Where does artificial intelligence stand? Recent advances in machine learning have surely created a lot of excitement — and fear — around artificial intelligence. Game-playing bots that outmatch human champions. A text-generating AI that writes articles in mere seconds. Medical imaging algorithms that detect cancer years in advance.

How much of these technological advances are actually making it to the mainstream? How much of it is unwarranted hype? How will AI affect jobs? How is machine learning changing the business model of companies?

In their book Prediction Machines: The Simple Economics of Artificial Intelligence, professors Ajay Agrawal, Joshua Gans, and Avi Goldfarb, answer these and many other questions and paint a very realistic picture of the how machine learning fits into today’s economy.

Prediction Machines provides a very accessible and high-level overview of machine learning and the power and limits of the predictions provided by AI algorithms.
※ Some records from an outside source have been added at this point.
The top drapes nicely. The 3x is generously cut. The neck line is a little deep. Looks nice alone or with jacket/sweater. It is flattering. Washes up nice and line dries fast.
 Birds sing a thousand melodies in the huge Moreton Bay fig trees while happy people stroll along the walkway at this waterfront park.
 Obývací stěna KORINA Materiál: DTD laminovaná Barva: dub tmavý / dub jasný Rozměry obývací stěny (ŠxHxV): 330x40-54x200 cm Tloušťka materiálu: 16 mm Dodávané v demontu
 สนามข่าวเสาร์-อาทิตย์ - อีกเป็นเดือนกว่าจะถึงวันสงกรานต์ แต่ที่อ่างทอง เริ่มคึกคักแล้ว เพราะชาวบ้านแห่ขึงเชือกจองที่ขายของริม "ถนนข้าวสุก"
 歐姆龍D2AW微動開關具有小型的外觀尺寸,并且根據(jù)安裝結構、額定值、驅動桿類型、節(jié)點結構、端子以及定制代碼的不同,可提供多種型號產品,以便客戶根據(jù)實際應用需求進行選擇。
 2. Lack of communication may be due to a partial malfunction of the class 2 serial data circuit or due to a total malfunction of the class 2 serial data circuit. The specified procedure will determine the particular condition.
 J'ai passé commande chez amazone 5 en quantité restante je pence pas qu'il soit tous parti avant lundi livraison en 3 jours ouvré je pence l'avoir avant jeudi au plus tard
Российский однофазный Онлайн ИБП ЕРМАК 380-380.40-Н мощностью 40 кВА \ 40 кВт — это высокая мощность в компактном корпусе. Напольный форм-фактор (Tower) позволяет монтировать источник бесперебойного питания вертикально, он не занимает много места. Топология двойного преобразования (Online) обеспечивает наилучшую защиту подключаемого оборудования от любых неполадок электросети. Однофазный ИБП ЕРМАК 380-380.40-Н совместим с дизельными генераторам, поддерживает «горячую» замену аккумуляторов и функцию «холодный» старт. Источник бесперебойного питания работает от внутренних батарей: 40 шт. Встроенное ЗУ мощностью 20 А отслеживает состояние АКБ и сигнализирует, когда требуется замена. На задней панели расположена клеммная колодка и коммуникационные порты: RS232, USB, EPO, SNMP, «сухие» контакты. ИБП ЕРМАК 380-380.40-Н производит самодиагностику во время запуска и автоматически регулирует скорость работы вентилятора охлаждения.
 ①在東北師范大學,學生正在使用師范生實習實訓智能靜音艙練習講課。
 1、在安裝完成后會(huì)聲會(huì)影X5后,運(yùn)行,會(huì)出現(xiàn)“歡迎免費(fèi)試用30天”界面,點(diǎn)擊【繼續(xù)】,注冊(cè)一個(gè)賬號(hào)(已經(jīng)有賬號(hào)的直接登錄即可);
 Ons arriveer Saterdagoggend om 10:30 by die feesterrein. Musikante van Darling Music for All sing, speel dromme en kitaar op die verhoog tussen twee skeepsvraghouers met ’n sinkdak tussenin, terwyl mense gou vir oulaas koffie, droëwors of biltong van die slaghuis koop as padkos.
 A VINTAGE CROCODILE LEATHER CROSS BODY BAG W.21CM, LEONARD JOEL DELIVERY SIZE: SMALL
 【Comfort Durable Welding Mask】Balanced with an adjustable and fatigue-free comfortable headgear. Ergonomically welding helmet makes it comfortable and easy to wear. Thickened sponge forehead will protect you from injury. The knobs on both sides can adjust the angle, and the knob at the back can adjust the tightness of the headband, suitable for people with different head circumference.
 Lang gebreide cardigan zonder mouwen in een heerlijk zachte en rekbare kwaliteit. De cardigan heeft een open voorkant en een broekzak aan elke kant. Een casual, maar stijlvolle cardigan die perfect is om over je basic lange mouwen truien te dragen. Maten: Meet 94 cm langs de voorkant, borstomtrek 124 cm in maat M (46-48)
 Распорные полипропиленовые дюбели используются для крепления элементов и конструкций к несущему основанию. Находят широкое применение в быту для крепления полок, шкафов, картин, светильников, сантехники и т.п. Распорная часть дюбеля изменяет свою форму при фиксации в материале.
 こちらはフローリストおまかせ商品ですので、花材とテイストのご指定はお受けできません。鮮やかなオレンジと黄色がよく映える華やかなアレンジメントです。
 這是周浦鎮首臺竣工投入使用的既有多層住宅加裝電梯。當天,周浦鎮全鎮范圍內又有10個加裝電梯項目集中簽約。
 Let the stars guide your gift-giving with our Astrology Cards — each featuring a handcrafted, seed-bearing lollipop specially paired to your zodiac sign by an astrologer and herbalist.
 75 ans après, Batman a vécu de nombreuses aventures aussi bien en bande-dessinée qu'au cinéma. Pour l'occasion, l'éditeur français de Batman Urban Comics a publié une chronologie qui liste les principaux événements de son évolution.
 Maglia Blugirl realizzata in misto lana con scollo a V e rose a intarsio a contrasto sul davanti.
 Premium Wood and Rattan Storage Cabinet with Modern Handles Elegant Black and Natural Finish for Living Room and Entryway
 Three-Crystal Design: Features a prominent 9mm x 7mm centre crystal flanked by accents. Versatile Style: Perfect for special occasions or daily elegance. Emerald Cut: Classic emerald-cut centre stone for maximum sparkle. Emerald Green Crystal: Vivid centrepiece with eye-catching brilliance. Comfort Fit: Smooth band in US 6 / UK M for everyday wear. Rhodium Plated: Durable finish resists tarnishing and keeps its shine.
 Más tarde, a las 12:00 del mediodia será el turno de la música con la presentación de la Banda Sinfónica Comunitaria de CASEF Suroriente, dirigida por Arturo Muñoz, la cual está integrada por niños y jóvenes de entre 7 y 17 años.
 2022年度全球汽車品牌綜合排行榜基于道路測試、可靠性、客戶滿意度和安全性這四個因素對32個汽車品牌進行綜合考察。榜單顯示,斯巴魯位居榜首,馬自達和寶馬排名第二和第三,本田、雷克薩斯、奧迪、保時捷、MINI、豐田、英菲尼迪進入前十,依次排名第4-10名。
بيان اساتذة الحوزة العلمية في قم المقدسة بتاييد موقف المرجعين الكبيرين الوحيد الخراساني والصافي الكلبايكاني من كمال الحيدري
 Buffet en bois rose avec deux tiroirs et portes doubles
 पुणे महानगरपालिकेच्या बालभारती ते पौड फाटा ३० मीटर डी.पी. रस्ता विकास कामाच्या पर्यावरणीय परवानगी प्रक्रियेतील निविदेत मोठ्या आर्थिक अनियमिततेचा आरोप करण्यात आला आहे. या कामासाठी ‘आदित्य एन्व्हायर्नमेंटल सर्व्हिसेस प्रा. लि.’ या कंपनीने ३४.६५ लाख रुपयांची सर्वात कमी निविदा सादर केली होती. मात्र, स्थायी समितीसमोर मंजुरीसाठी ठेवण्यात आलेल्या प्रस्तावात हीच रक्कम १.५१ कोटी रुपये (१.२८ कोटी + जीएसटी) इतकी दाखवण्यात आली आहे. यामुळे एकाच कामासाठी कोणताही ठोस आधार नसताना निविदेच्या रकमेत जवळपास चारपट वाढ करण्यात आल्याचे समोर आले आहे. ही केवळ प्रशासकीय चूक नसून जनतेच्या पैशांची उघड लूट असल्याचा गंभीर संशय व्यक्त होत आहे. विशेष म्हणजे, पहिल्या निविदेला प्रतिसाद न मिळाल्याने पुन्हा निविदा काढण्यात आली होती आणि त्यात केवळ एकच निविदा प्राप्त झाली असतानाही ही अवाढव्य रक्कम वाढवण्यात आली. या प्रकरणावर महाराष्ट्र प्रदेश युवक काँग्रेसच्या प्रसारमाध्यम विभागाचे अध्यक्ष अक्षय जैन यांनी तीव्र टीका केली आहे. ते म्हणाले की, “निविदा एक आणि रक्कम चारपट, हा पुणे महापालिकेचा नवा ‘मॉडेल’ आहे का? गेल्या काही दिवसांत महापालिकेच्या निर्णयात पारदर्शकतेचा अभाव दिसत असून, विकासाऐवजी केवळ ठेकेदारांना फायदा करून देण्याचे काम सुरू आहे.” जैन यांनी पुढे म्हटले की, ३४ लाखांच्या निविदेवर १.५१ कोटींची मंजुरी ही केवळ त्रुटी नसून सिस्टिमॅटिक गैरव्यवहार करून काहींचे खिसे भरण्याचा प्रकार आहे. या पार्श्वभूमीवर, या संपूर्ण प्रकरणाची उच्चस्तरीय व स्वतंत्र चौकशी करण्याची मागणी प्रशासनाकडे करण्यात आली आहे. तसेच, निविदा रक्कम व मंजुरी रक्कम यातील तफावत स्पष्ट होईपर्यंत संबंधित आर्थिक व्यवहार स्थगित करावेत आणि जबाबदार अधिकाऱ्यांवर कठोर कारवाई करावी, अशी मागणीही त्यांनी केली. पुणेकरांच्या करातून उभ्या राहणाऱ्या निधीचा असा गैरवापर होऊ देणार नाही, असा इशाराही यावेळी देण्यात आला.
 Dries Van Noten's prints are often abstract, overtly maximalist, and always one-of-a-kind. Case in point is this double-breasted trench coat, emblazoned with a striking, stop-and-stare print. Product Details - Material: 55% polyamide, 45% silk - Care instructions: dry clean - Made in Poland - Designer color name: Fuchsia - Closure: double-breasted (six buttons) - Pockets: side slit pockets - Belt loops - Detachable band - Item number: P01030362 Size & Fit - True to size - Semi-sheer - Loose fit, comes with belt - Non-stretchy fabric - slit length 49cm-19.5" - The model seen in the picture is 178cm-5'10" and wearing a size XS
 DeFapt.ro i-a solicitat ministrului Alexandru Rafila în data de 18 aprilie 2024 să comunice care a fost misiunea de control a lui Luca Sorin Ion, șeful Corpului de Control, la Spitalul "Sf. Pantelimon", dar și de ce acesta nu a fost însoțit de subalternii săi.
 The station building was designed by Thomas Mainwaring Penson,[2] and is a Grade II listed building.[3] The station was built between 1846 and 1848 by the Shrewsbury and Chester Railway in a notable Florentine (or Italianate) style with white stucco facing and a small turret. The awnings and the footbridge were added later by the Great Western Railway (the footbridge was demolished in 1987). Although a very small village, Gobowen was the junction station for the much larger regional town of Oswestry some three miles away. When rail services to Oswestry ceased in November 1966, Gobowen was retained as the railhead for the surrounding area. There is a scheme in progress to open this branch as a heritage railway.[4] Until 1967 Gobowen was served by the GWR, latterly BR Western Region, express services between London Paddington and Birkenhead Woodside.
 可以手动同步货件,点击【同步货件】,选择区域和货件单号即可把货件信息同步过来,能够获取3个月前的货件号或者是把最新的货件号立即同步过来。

The book is a must-read for business leaders and executives. But it is also a very valuable study for engineers and scientists who want to understand the implications of their innovations and how the technology they create integrates into the greater economy.

The book contains plenty of detailed and useful information and examples of how machine learning is changing how we do things. Here are some of my key takeaways.

[Read: Are EVs too expensive? Here are 5 common myths, debunked]

The power of prediction machines

There are many misunderstandings about the meaning and difference of artificial intelligence, machine learning, and other related terms. There’s are also a lot of scientific discussions about AI’s advances toward human-level thinking and understanding and whether singularity is within reach or not.

But the authors of Prediction Machines break down the current state of AI to a very simple albeit unexciting concept: prediction. “The new wave of artificial intelligence does not actually bring us intelligence but instead a critical component of intelligence — prediction,” they write.

The predictive power of machine learning algorithms remains the core concept of the book and helps us understand its effect at various levels.